TASK =
Every line of the listing below from the one with "The lilac jade" up to and including the one with "Steampunk Skjorta med" should be retyped exactly, and nothing else; pictures are not part of the copy.

TASK INPUTS =
◇ ◇ ◇ ◇
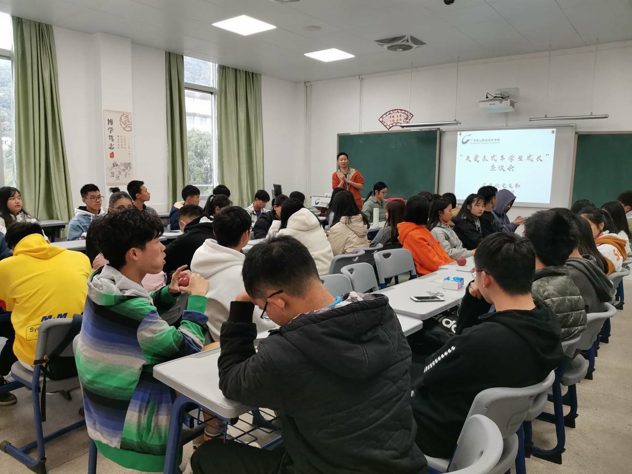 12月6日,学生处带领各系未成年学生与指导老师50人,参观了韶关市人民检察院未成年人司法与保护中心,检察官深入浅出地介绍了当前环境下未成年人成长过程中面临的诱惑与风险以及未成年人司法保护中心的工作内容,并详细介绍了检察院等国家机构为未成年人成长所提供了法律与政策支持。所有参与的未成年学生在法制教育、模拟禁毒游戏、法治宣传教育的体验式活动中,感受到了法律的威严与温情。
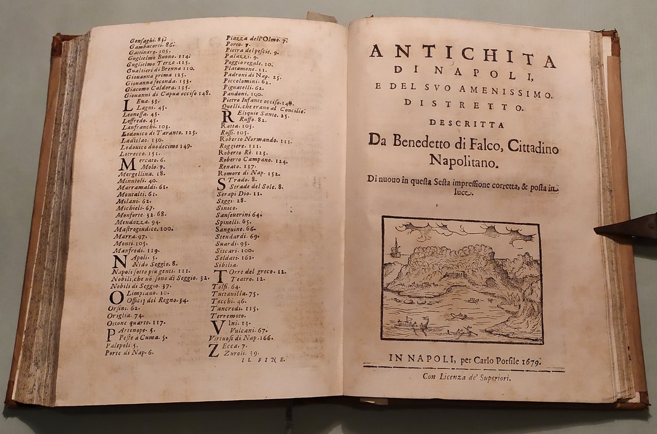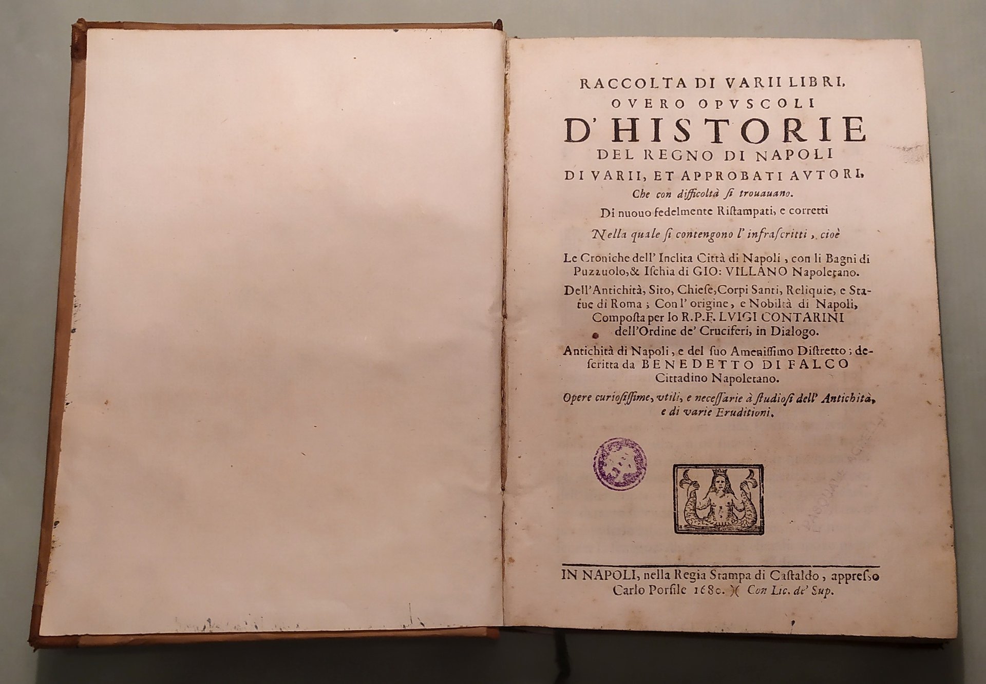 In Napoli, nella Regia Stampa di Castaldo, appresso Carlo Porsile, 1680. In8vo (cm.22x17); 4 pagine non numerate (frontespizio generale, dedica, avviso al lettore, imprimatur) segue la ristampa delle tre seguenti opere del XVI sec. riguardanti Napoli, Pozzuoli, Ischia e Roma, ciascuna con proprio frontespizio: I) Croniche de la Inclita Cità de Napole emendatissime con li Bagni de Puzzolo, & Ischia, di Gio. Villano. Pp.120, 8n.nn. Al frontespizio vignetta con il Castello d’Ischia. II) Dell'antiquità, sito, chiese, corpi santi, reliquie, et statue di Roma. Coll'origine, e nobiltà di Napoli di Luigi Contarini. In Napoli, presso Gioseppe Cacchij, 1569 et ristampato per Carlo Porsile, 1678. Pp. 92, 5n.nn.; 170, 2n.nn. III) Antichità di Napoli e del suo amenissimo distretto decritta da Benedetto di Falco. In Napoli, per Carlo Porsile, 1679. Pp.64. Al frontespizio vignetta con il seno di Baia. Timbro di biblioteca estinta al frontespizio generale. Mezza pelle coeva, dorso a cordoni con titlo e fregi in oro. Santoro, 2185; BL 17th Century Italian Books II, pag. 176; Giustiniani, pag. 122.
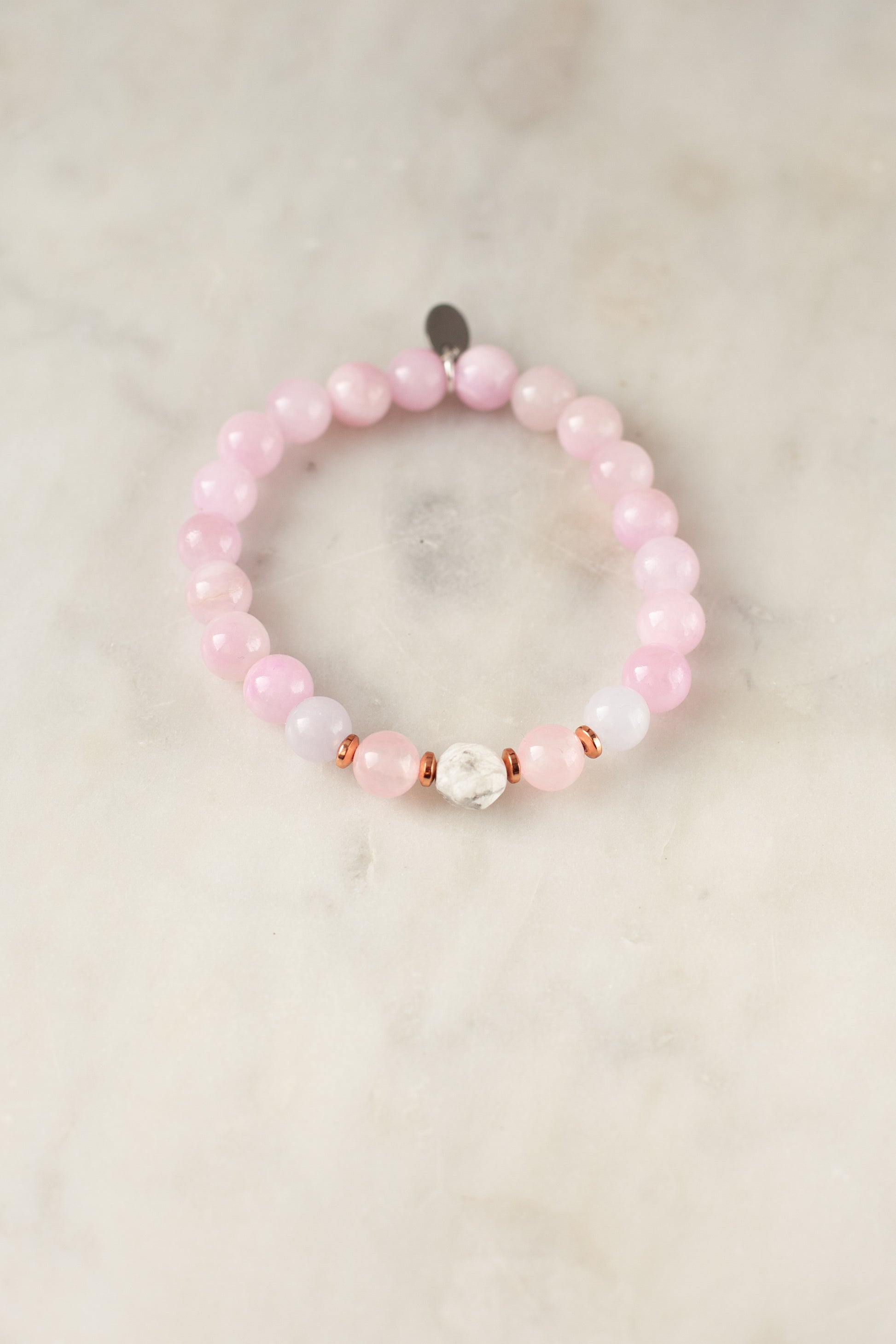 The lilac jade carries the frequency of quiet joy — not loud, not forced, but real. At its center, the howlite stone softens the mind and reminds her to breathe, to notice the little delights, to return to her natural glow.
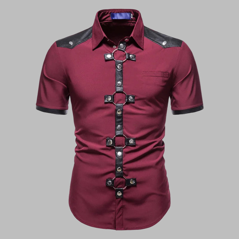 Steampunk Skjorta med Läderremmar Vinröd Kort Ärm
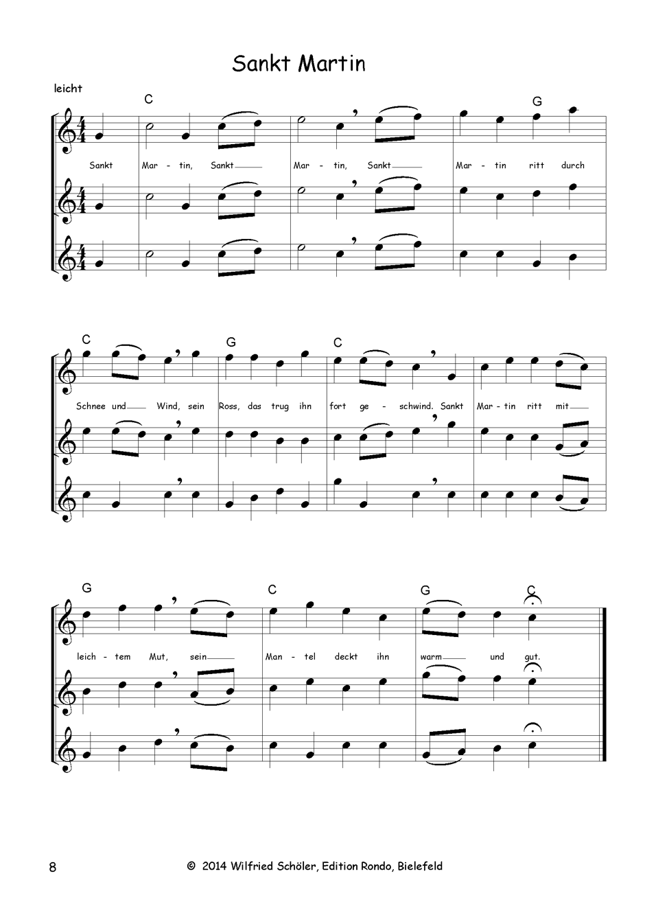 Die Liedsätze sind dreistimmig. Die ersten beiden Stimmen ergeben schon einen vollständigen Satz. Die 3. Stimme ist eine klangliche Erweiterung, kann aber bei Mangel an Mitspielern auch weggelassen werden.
◇ ◇ ◇ ◇
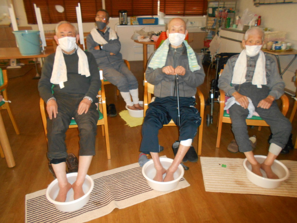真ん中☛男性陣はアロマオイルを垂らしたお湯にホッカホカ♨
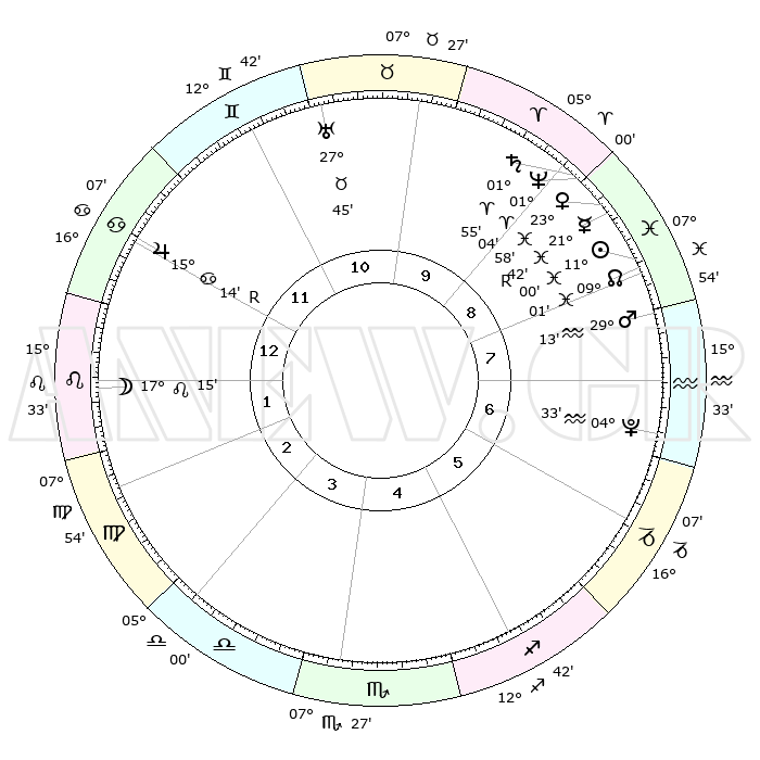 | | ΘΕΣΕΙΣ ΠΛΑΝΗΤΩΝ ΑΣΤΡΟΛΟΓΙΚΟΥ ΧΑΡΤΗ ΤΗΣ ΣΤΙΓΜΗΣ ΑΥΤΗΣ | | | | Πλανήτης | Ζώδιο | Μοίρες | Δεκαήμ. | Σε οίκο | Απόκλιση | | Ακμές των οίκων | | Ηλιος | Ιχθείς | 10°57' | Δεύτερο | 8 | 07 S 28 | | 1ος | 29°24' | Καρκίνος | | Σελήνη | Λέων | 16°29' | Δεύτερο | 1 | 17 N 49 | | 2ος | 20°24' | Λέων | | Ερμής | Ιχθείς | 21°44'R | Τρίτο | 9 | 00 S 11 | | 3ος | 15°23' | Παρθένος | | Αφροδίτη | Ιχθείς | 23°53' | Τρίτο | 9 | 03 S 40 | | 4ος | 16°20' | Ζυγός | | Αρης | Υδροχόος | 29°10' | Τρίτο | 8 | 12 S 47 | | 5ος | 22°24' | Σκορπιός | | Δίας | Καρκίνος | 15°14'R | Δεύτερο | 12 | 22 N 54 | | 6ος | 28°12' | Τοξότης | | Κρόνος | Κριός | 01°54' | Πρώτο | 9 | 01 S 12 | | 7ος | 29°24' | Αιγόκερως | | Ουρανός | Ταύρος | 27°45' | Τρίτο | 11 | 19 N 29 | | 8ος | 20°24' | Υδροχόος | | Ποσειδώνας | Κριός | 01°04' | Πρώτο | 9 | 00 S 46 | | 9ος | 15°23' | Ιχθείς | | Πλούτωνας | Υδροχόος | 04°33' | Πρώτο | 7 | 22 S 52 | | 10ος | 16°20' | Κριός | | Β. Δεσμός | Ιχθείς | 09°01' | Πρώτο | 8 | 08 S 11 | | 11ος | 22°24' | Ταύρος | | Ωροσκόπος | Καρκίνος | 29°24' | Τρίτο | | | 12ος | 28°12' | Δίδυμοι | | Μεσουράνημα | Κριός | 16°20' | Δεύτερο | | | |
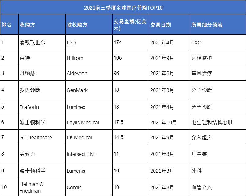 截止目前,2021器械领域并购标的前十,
◇ ◇ ◇ ◇
TASK RESULT =
 The lilac jade carries the frequency of quiet joy — not loud, not forced, but real. At its center, the howlite stone softens the mind and reminds her to breathe, to notice the little delights, to return to her natural glow.
 Steampunk Skjorta med Läderremmar Vinröd Kort Ärm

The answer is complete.